Als we kijken naar de hoofdgroepen van psychische aandoeningen, zien we dat 7% van de volwassenen die op de eerste meting nooit een stemmingsstoornis hebben gehad, een stemmingsstoornis ontwikkelde. Voor een angststoornis was dit 7% en voor een middelenstoornis 3,2%.

Van de specifieke aandoeningen is de incidentie van de depressieve stoornis (7%), specifieke fobie (3,5%) en gegeneraliseerde angststoornis (3,0%) het hoogst.

De tabel laat de incidentie zien voor enige psychische aandoening, de afzonderlijke hoofdgroepen en de specifieke aandoeningen over een periode van bijna 3 jaar. De incidentie wordt apart weergegeven voor vrouwen, mannen en de totale volwassen bevolking. Met de knop in de rechter bovenhoek kan de tabel met 95% betrouwbaarheidsintervallen worden gedownload.

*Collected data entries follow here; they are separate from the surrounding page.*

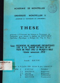 Recherche De Marqueurs Enzymatiques Lies A La Teneur En Huile De La Pulpe Du Fruit Chez Le Palmier A Huile
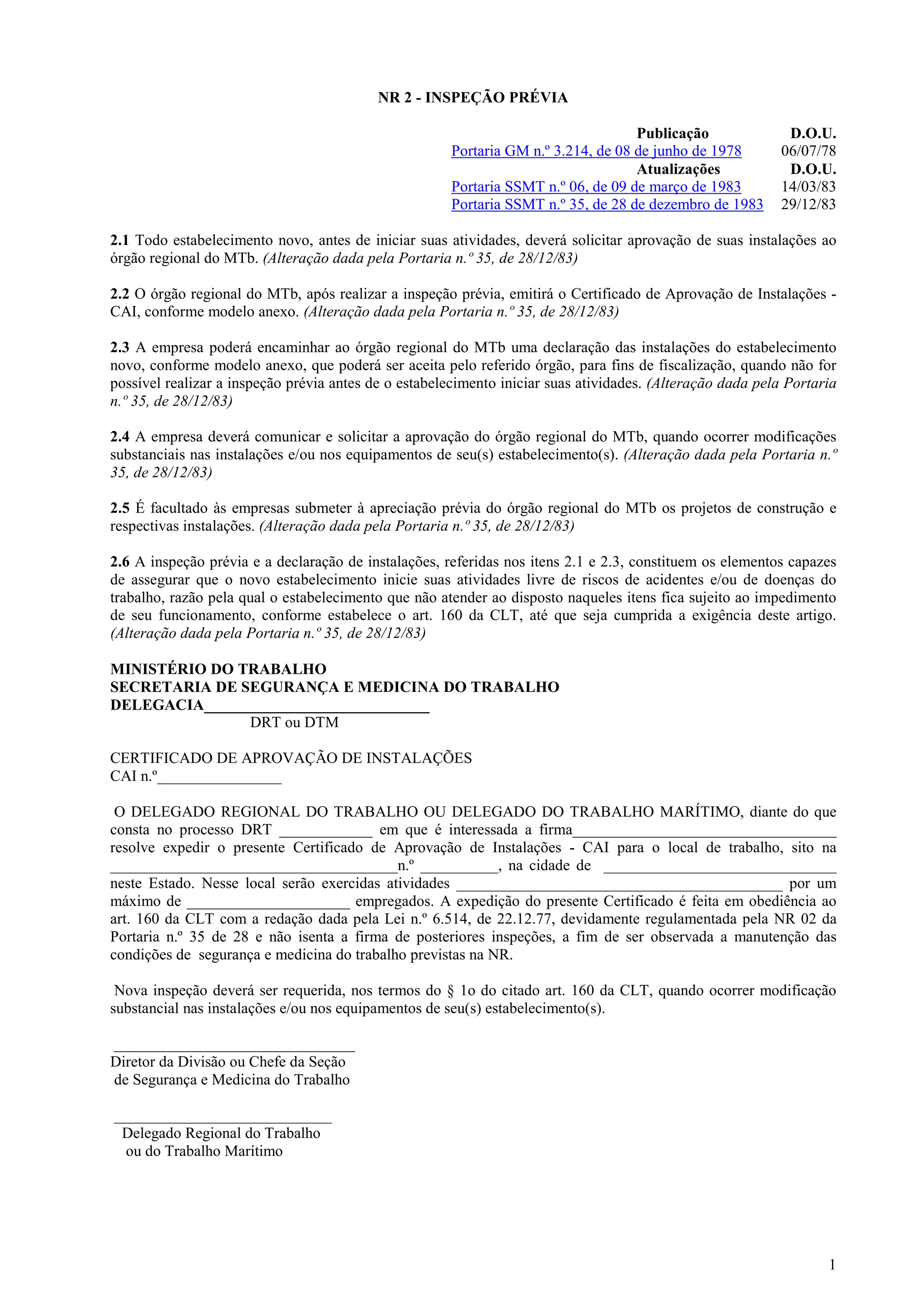 Este documento estabelece diretrizes para a inspeção prévia de instalações de novos estabelecimentos e comunicação de modificações, contendo 3 pontos principais: 1) Todo estabelecimento novo deve solicitar aprovação de suas instalações ao órgão regional do MTb antes de iniciar atividades; 2) Após inspeção, o órgão emitirá um Certificado de Aprovação ou aceitará uma Declaração de Instalações; 3) A empresa deve comunicar modificações substanciais nas instalações.
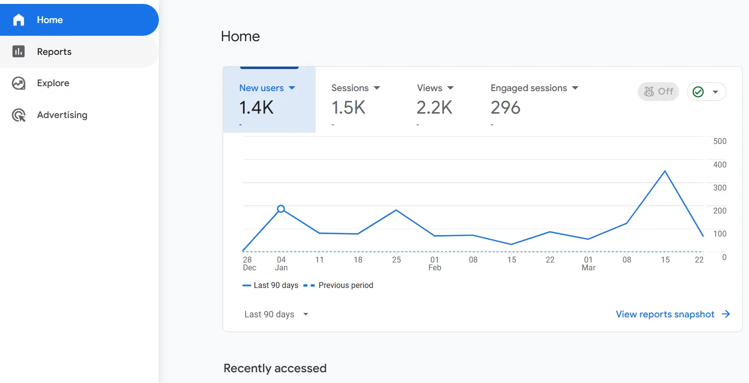 If you want the page-level view, the Landing page report is also helpful. The Landing page report shows the first page a visitor lands on and how many people land on each page. That makes it useful for checking which pages are actually attracting organic search visitors.
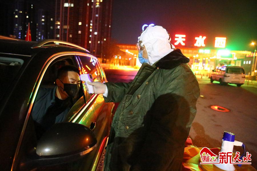 新天水讯【天水晚报记者 韩铁英】在抗击新型冠状病毒这场战“疫”中,除了战斗在医院隔离病房的白衣天使,还有白衣天使在冬夜的寒风中,甚至在深夜零度以下,替我们24小时守护着这座城市。2月6日晚上10点,记者在天水西收费站采访了正在执行任务的秦州区王家磨社区卫生服务中心、西十里社区卫生服务站的医务人员。
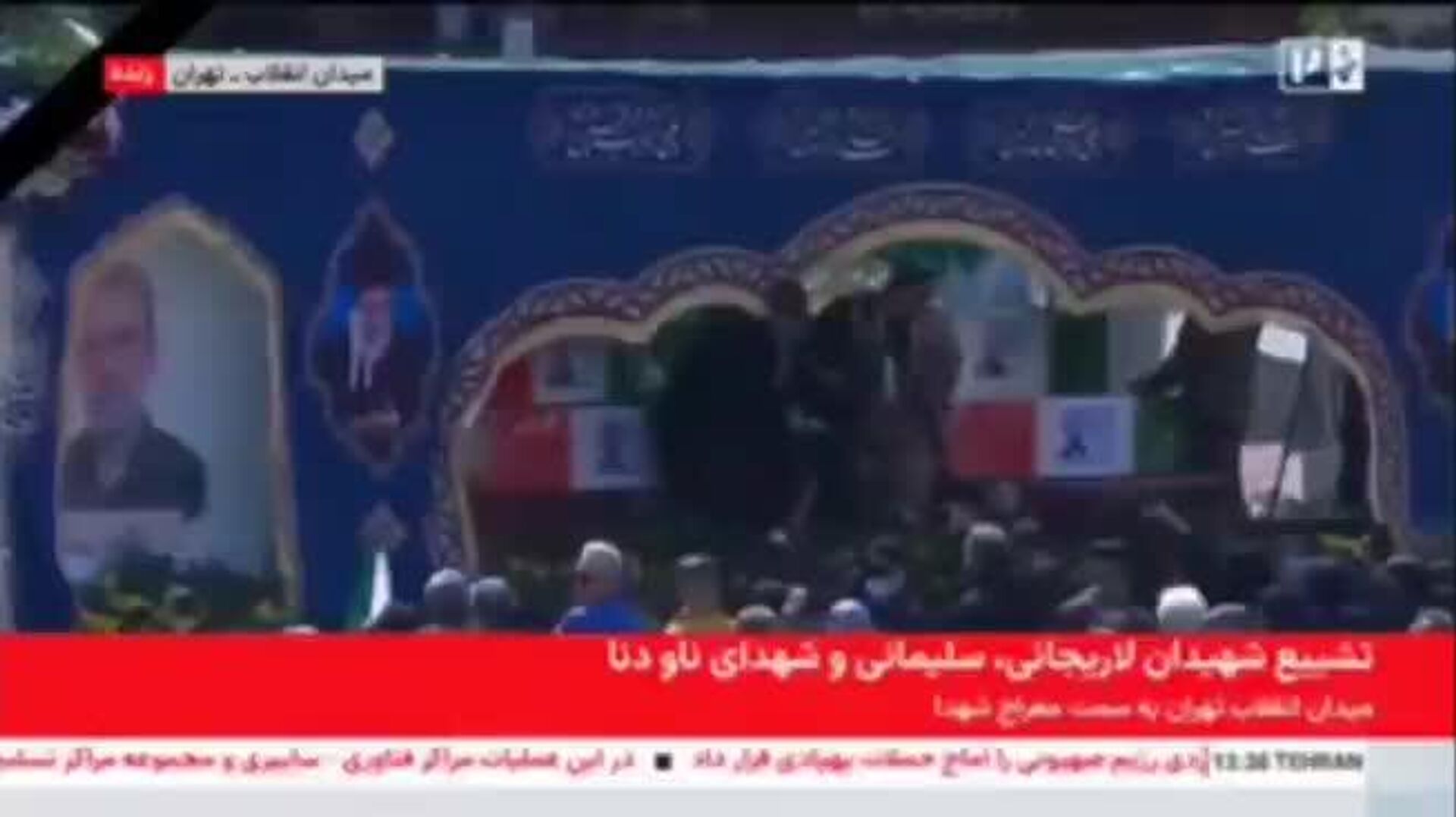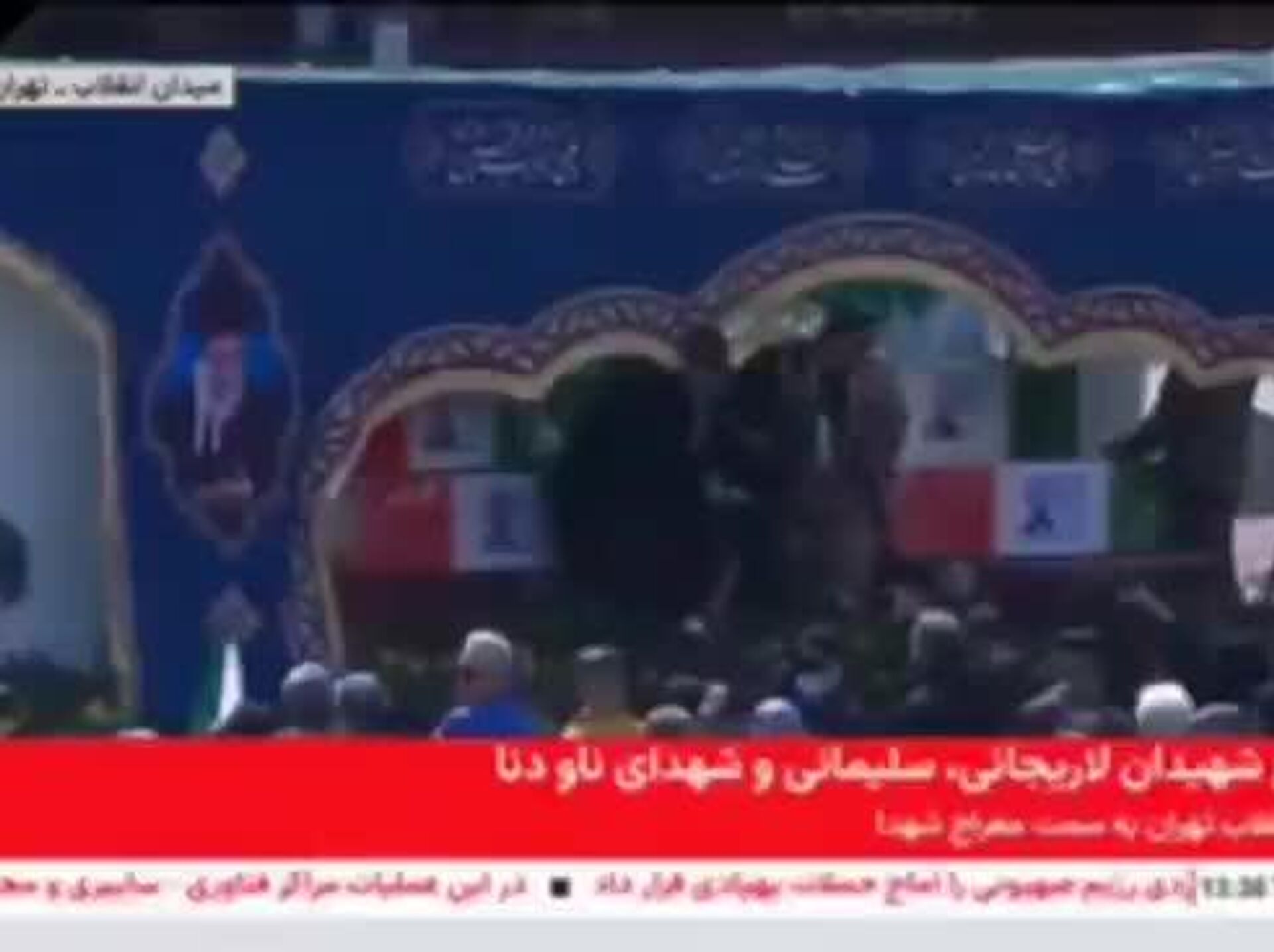 14:07 18.03.2026 (بروز رسانی شده: 14:10 18.03.2026) مراسم وداع مردم با لاریجانی، سلیمانی و شهدای ناو دنا در میدان انقلاب

Tijdens het veldwerk van de eerste meting van NEMESIS-3 brak de coronapandemie uit. Een deel van de respondenten heeft voor de uitbraak van het coronavirus deelgenomen aan de studie en een deel tijdens. Door deze twee groepen deelnemers te vergelijken kan gekeken worden of de incidentie van psychische aandoeningen in de daaropvolgende jaren tussen hen verschilde.

De tabel geeft de incidentie van de hoofdgroepen van psychische aandoeningen weer onder deelnemers die vóór (n=1,228) en tijdens (n=3,460) de coronapandemie hebben deelgenomen aan de eerste meting. Van de respondenten die geïnterviewd waren voordat de coronapandemie uitbrak ontwikkelde 10,7% een incidente DSM-5 psychische aandoening in periode tussen de eerste en tweede meting, bij de deelnemers tijdens de pandemie was dit 11,2%. Dit verschil is niet significant als we rekening houden met verschillen in tijd tussen de eerste en tweede meting (OR=1,34). Het is ook niet significant na aanvullende correctie voor geslacht, leeftijd, opleidingscategorie, woonsituatie, werksituatie, huishoudinkomen en stedelijkheid (adj OR=1,10). Dat betekent dat de incidentie gelijk is, ook als we rekening houden met verschillen tussen beide groepen. De incidentie tussen deze twee groepen deelnemers is ook gelijk voor alle hoofdgroepen van aandoeningen (zie tabel).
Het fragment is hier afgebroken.